In what can only be characterized as a vast overreaction to the Occupy Davis and Berkeley protests, both of which were marred by police violence, UCR administrators released a list of official “protest guidelines” in late November that significantly limits the freedom of students to demonstrate on campus property.  The guidelines have since been roundly criticized for their unnecessary and unconstitutional demands of students.

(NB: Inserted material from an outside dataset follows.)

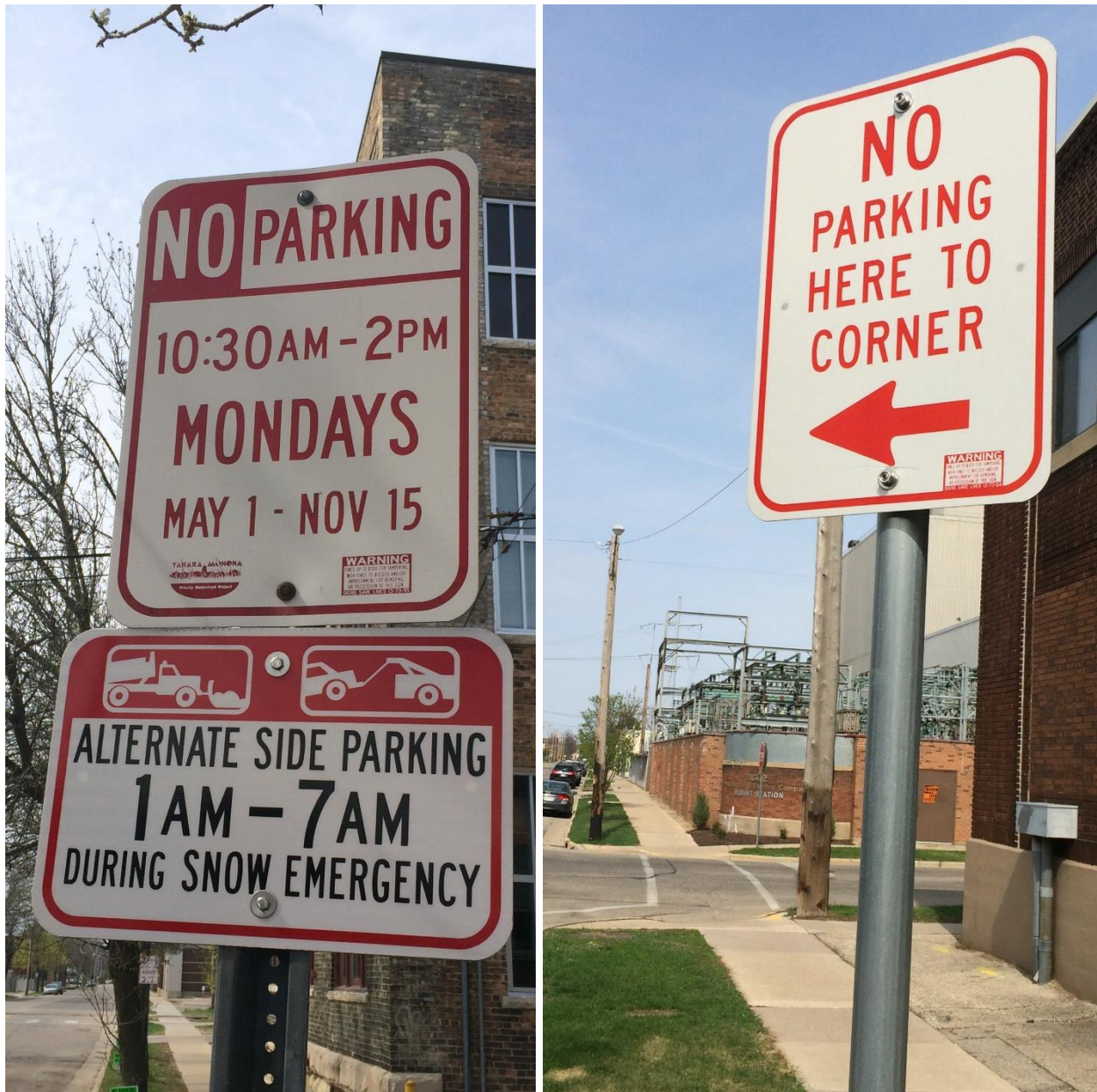
Figure 8. An array of parking regulations in Implement Row today. 45
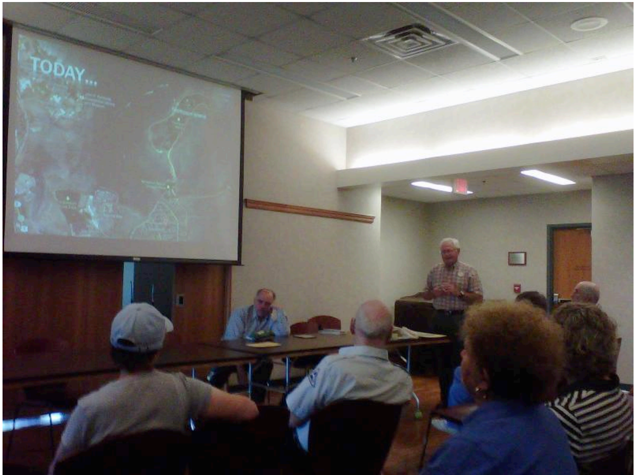
Freedom 75 discussion July 28th, 2011

Among other things, they suggest that students clear protests with the Dean of Student’s Office at least two weeks before they are set to occur.  Under the guidelines, everything from location and route to management and cleanup would have to be approved by the administration prior to any demonstration.  Following an immense backlash from the UCR student and faculty community, which argued that the guidelines violated students’ right to free speech, Chancellor White decided to remove them from the site on which they had been posted.

Since then, administrators have been scrambling for a way to rectify what was clearly a rash effort to preempt violent incidents like the ones that occurred at Occupy Davis and Berkeley.  There is little doubt that they had very good intentions in mind when they drafted up the guidelines, but the notion that restricting student protest is the right way to go about preventing violence is remarkably unintuitive.  It is UCR’s responsibility to ensure that students remain safe on and around campus—not the other way around.

However, UCR’s leaders seem to be under the illusion that the primary reason that other Occupy UC protests have gotten out of hand is the student populations involved in them.  Such is clearly not the case.

So far, all of the Occupy UC protests have been exceptionally peaceful—no rioting or violence to speak of, at least not on the part of the protesters.  Police, on the other hand, have been using excessive force to remove demonstrators who refuse to pack up after being asked to leave.  Administrators at Davis and Berkeley went to so far as to allow authorities to use pepper spray and batons to disburse crowds.

Students are not the problem here, and acting as though they are is as insulting as it is unsettling.  If UCR is really interested in protecting its students from the violence of past Occupy protests, perhaps it should look into regulating the forces responsible for it.

Police should not be told to respond to peaceful protests with whatever force they deem necessary for the occasion.  True, there are some circumstances that call for protesters to be removed and arrests to be made, but not all of those situations also call for the use of pepper spray or batons.  We need a safe and reliable system for determining when authorities should be allowed to use varying degrees of crowd control tactics against UC students.

The coming weeks will reveal whether or not Chancellor White has taken to heart the onslaught of objections that followed the release of the protest guidelines.  He has organized a task force composed of students, staff and faculty to revamp the guidelines in time for the UC regent’s meeting, which is scheduled to take place at UCR next week.  The meeting, at which regents will discuss further budget cuts and tuition hikes, is sure to attract a large crowd of protesters.

We can only hope that UCR administrators have learned from their (and others’) mistakes and that our campus will not become the next victim of the police violence that has sullied the Occupy UC movement in recent months.